+++ Material provided
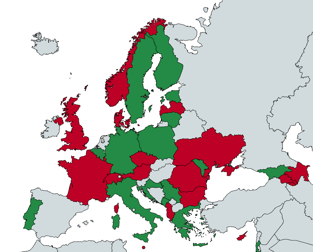 Druga połowa: Belgia, Czarnogóra, Estonia, Izrael, Litwa, Polska, San Marino, Serbia
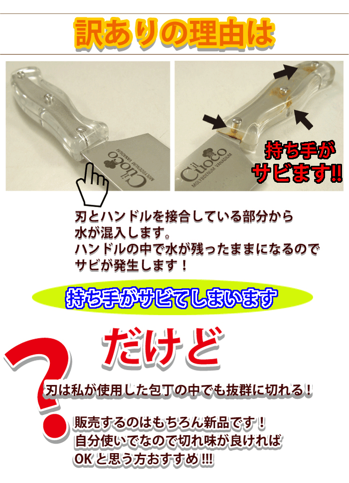 北海道・沖縄・離島は、別途送料がかかります! 注意 不正注文の場合は 「キャンセル」させて頂きます! 要注意 持ち手が、サビる包丁です!
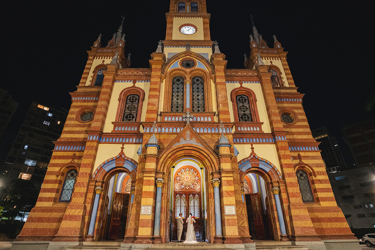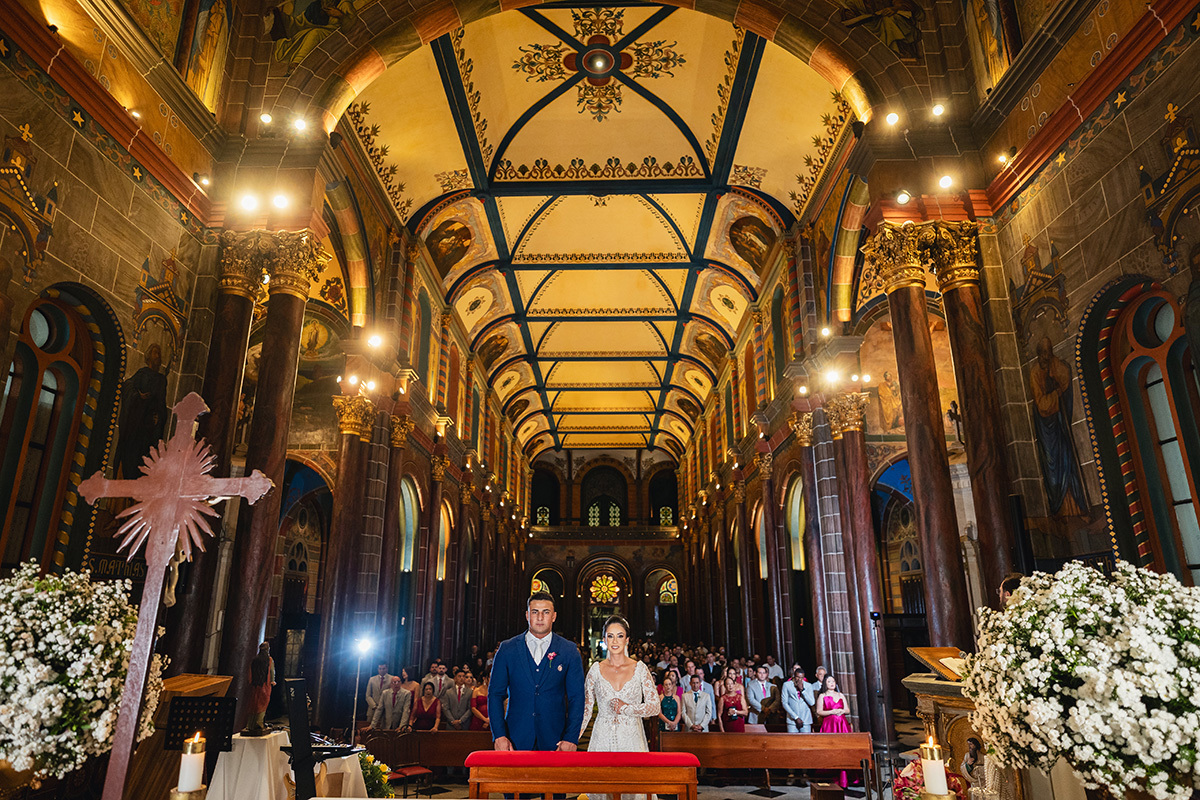 Para selar essa união, eles escolheram um dos marcos mais icônicos da nossa capital: a Igreja São José em BH. Realizar um casamento católico à noite sob as naves neogóticas desse santuário é sempre uma experiência cinematográfica.
++++++
▶ [What is expected]
None of the pictures should be reproduced; all other material above must be set down exactly.

▶ [Answer box]
 Druga połowa: Belgia, Czarnogóra, Estonia, Izrael, Litwa, Polska, San Marino, Serbia
 北海道・沖縄・離島は、別途送料がかかります! 注意 不正注文の場合は 「キャンセル」させて頂きます! 要注意 持ち手が、サビる包丁です!
 Para selar essa união, eles escolheram um dos marcos mais icônicos da nossa capital: a Igreja São José em BH. Realizar um casamento católico à noite sob as naves neogóticas desse santuário é sempre uma experiência cinematográfica.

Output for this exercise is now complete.